(Beginning of Record extracts)

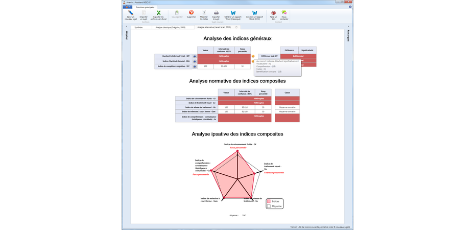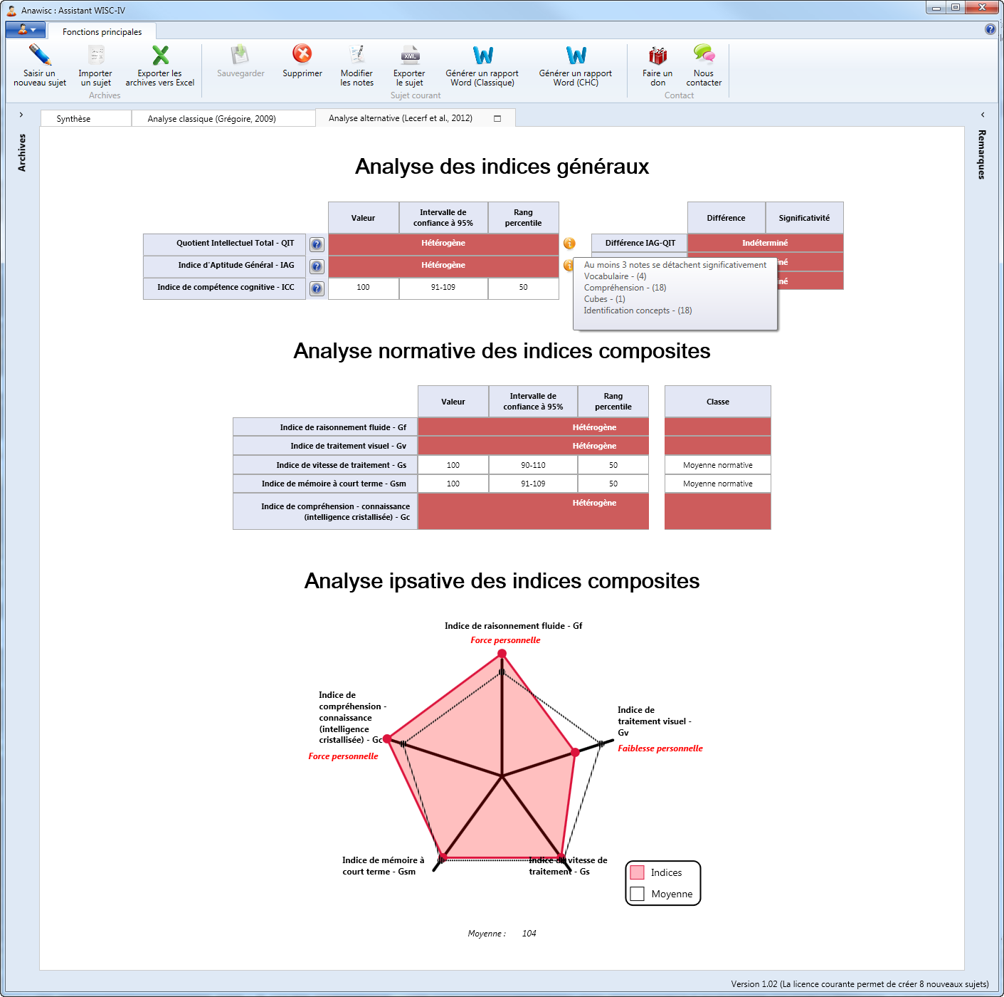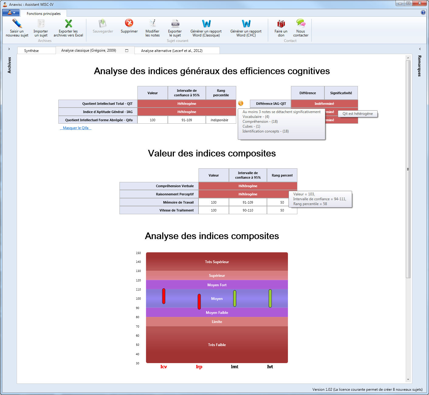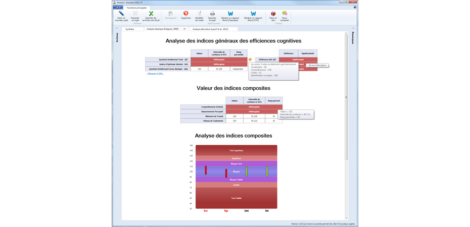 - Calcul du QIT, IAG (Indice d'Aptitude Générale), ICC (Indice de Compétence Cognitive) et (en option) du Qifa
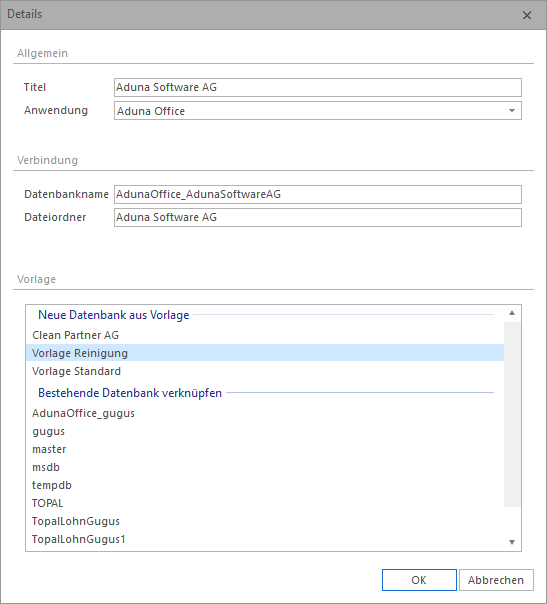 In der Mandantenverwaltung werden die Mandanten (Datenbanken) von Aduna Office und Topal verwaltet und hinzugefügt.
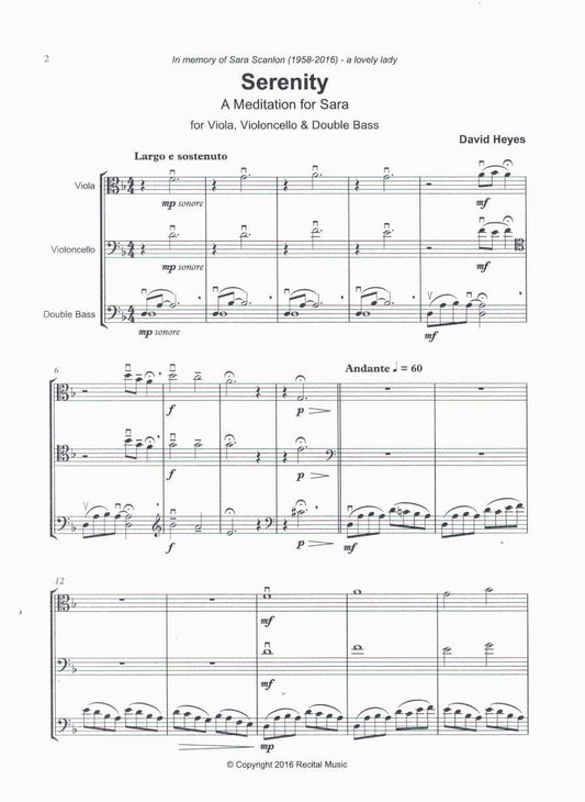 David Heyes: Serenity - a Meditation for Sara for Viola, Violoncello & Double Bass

(End of Record extracts)
(Beginning of Record extracts)

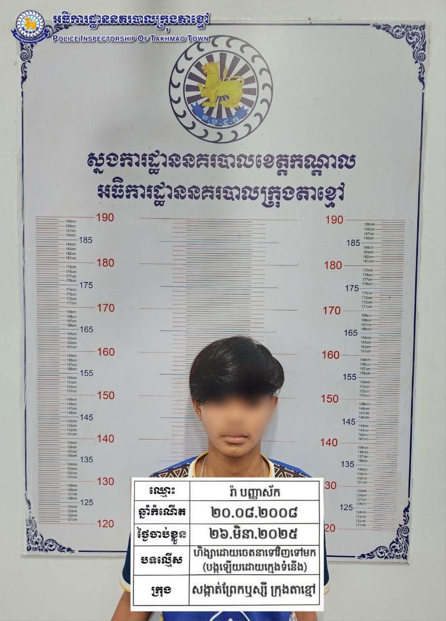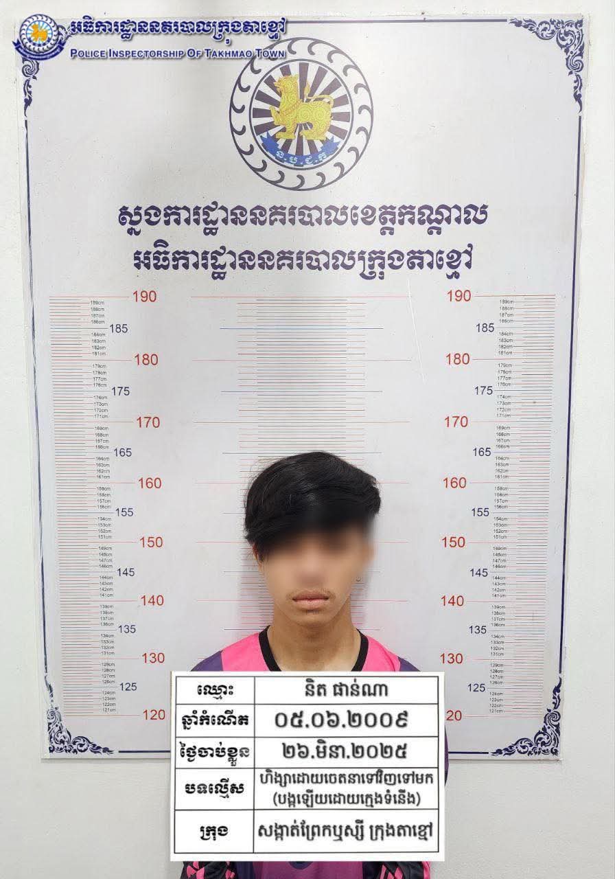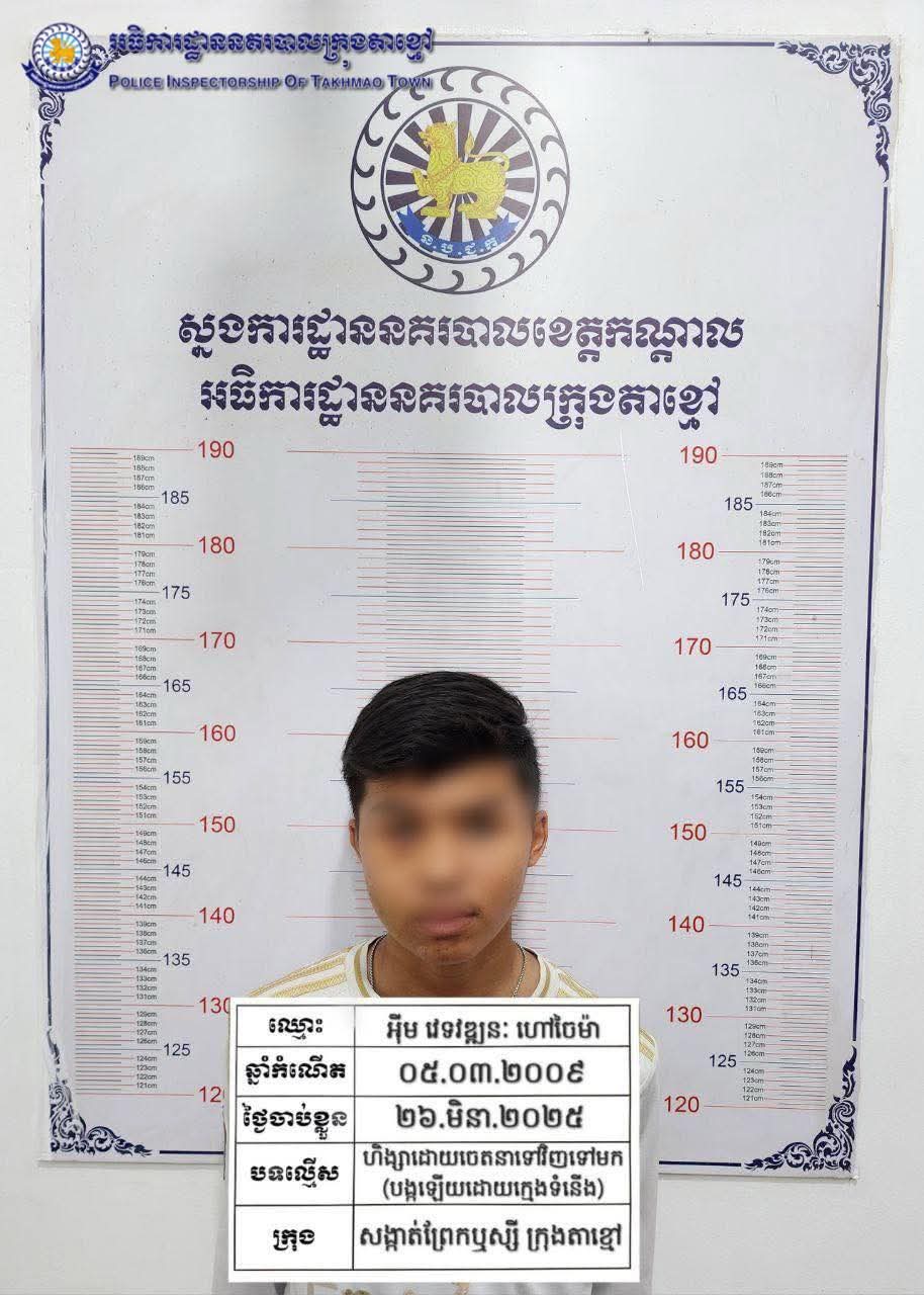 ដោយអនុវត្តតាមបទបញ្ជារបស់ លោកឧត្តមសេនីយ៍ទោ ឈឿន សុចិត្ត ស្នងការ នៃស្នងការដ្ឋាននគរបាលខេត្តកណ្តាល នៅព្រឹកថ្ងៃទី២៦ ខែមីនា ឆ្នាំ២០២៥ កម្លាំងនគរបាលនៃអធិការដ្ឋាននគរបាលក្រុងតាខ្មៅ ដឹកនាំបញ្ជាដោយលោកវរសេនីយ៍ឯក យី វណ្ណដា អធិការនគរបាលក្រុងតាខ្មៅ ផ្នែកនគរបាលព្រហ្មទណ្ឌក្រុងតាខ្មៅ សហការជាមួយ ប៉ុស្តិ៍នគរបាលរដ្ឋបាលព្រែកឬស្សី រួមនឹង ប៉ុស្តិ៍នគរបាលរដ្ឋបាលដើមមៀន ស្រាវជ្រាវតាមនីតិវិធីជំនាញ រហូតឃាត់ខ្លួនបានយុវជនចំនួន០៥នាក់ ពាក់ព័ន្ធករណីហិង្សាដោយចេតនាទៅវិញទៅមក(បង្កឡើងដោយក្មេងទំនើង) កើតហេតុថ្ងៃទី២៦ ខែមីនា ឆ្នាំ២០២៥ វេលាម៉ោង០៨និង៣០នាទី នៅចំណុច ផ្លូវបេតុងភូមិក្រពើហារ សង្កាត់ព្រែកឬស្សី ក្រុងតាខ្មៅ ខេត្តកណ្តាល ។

(End of Record extracts)

**Problem description**
Return the lines above from the one with "- Calcul du" through the one with "David Heyes: Serenity", verbatim and nothing else. Omit every picture.

**Task result**
 - Calcul du QIT, IAG (Indice d'Aptitude Générale), ICC (Indice de Compétence Cognitive) et (en option) du Qifa
 In der Mandantenverwaltung werden die Mandanten (Datenbanken) von Aduna Office und Topal verwaltet und hinzugefügt.
 David Heyes: Serenity - a Meditation for Sara for Viola, Violoncello & Double Bass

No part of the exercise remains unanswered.